» Task objective: The result should be the listing below, restated exactly, with its pictures left out.

» Data excerpt:
↓↓↓
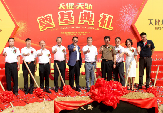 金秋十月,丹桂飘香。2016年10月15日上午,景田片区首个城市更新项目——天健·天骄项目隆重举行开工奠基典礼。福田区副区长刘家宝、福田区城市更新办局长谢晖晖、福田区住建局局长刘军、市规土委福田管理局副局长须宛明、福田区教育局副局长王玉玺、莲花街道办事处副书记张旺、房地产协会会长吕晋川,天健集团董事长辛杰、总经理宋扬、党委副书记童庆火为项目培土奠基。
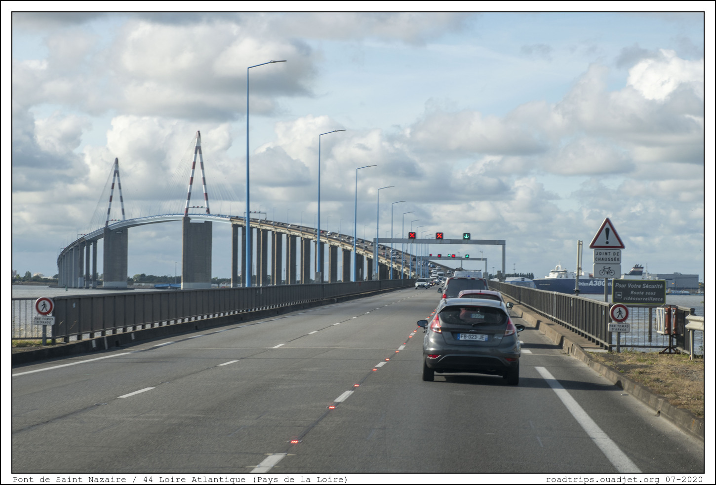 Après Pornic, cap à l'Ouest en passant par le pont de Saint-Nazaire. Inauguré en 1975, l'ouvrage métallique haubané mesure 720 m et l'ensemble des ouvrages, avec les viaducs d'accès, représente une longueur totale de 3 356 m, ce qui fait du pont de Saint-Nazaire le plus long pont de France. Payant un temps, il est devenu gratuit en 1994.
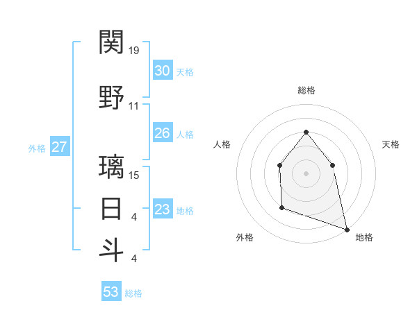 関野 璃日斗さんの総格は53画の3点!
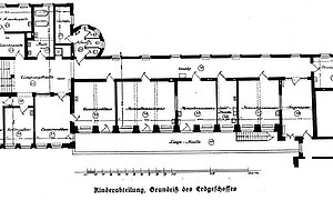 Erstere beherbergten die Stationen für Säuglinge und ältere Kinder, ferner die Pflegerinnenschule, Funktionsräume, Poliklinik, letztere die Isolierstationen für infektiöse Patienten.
↑↑↑
» Task output:
 金秋十月,丹桂飘香。2016年10月15日上午,景田片区首个城市更新项目——天健·天骄项目隆重举行开工奠基典礼。福田区副区长刘家宝、福田区城市更新办局长谢晖晖、福田区住建局局长刘军、市规土委福田管理局副局长须宛明、福田区教育局副局长王玉玺、莲花街道办事处副书记张旺、房地产协会会长吕晋川,天健集团董事长辛杰、总经理宋扬、党委副书记童庆火为项目培土奠基。
 Après Pornic, cap à l'Ouest en passant par le pont de Saint-Nazaire. Inauguré en 1975, l'ouvrage métallique haubané mesure 720 m et l'ensemble des ouvrages, avec les viaducs d'accès, représente une longueur totale de 3 356 m, ce qui fait du pont de Saint-Nazaire le plus long pont de France. Payant un temps, il est devenu gratuit en 1994.
 関野 璃日斗さんの総格は53画の3点!
 Erstere beherbergten die Stationen für Säuglinge und ältere Kinder, ferner die Pflegerinnenschule, Funktionsräume, Poliklinik, letztere die Isolierstationen für infektiöse Patienten.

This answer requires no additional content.